Chocolate Pistachio Honeycomb
Equipment
Ingredients
- 1 cup sugar
- 4 tablespoon corn syrup light or dark
- 2 tablespoon liquid honey
- 4 tablespoon water
- 1 teaspoon vanilla extract optional
- 2 teaspoons baking soda
Instructions
- Prepare an 8x8 or 9x9 inch baking pan with cooking spray and parchment paper.
- Ensure that you have the vanilla and baking soda measured and ready to go or the candy will harden before you have time to add them.
- Place sugar in the bottom of a tall, heavy-bottomed pot and shake until evenly distributed on the bottom.
- Add corn syrup, honey and water and turn the heat to medium high.
- Whisk ingredients until totally blended and dissolved.
- If possible, attach candy thermometer to the side of the pot with tip resting on the bottom of pot.
- Increase heat to high and DO NOT STIR.
- Allow to bubble until thermometer just reaches 295F and under 300F and immediately remove from heat or will burn and burn fast.
- If you see puffs of smoke your honeycomb has burned and you need to begin again.
- Add vanilla.
- Add the baking soda and quickly whisk till incorporated which takes about 3 seconds. The mixture will bubble and foam a lot. This is expected.

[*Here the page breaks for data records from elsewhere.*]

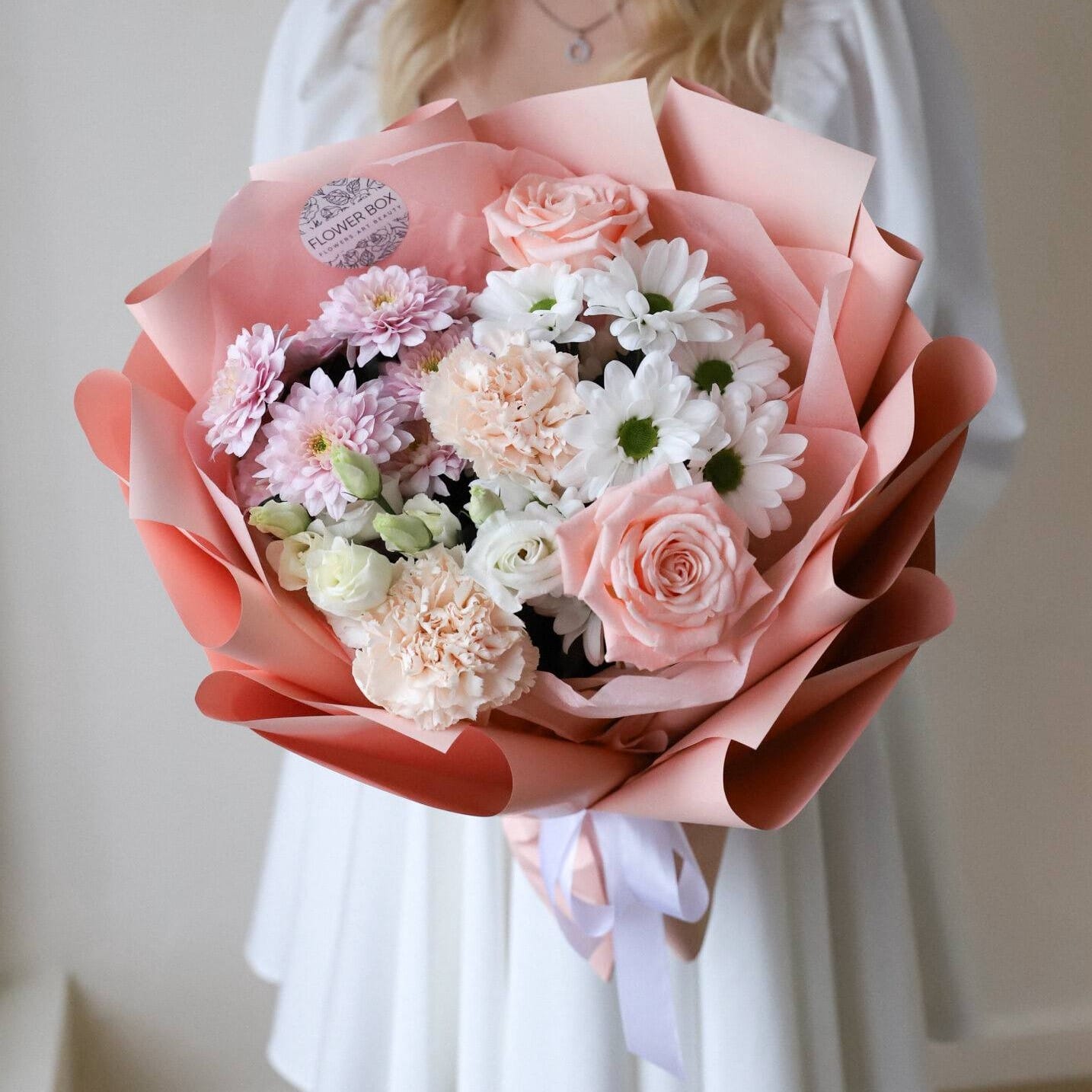 Этот букет — это искренняя детская благодарность, выраженная на языке нежных цветов. Я собрала в нем самые очаровательные цветы в теплой, персиково-розовой гамме: классические розы, пышные хризантемы, кружевные диантусы и трепетную эустому. Получился компактный, но очень нарядный букет, который удобно держать в руках и приятно дарить.
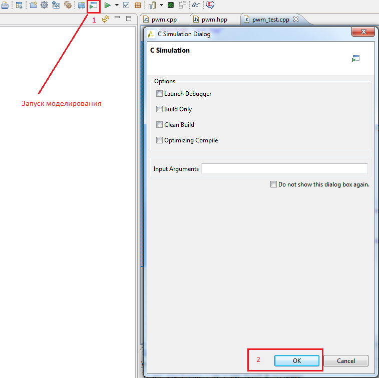 Просто нажимаем кнопку «Run C Simulation» на панели инструментов вверху (Рисунок 15). Если у Вас свой проект, то понадобится указать свой файл с тестом в настройках проекта во вкладке «Моделирование»:
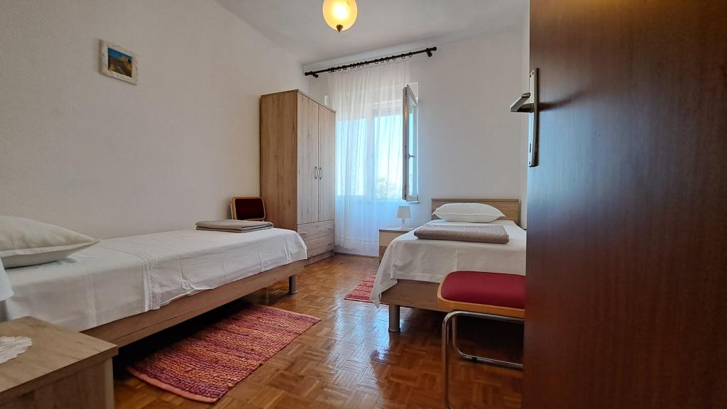 The apartment is very spacious, perfectly equipped and clean. It has a spacious terrace overlooking the sea through an olive grove. The hosts are very nice, they will entertain you with vegetables and figs from their own garden. The apartment is a few minutes walk from the sandy beach and the center of Tkon.
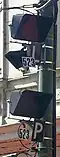 Přejezd zabezpečený světelným signalizačním zařízením: červenobíle pruhovaný sloupek. Značka je doplněn trojúhelníkovou deskou, a její podoba je podobná silniční dopravní značce č. A 10 „Světelné signály“, umístěnou na tento sloupek stejný jako k označení nezabezpečeného přejezdu. (Na pražských tramvajových drahách se nepoužívá.)
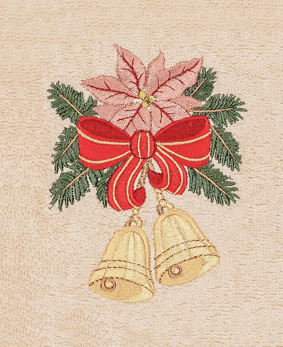 Bring a joyous Christmas spirit to your decorations with this elegant embroidered hand towels for your guest bath. These “Christmas Bells “towels feature a bouquet of golden bells, pine branches, & poinsettia graced by a red bow which will add a merry mood to your festivities! This special & luxurious Christmas towel is manufactured with more cotton per square inch for maximum softness and absorbency. Our products are produced in Linum’s state-of-the-art vertically integrated green factory in Turkey, which runs on 100% solar energy.

- Pour the foamy mixture immediately in to prepared pan and set aside to cool to room temperature, usually about 30 minutes. The honeycomb will spread out and have a shiny, porous surface.
Chocolate Dipped
- Dump cooled honeycomb on to a cutting board and cut into small pieces or chunks, between 1-2 inches.
- Place your chocolate in a small microwave safe bowl and microwave in 20 second bursts until smooth and melted. Stirring in between each burst.
- If adding nuts make sure they are crushed and on a plate. Set aside.
- Prepare a large rimmed baking sheet with parchment paper.
- Dip each chunk of honeycomb into the melted chocolate. You can either dip the end or the entire piece. I prefer to dip the end.
- Immediately roll wet chocolate in nuts until covered and place on prepared baking sheet.
- If you're dipping the entire piece in chocolate you'll need 2 forks to remove each piece of honeycomb from the melted chocolate, allowing excess chocolate to drip back into the bowl. Then immediately place in nuts and adjust until coated. Place on prepared sheet.
- Once all of the pieces are dipped in chocolate and rolled in the crushed pistachios place the baking sheet in to your refrigerator until the chocolate hardens, about 30 minutes.
Notes
- If you do not have a thermometer, use the 'cold water test'. Drop a bit of the hot mixture into a small dish of cold water. If ready, honeycomb should instantly form a hard ball. Have the water ready before you start cooking just in case you need it.
- It can take several minutes (8-12 or so depending on the heat of your burner) for the thermometer to reach 300F. It will seem to take a long time to reach 250F and even longer to reach 300F, but when it does come close to desired temperature it happens quickly. Remove pot as soon as the thermometer is about to read 300F.
- Store in an airtight container and refrigerate for 2-3 days or will absorb moisture and become sticky.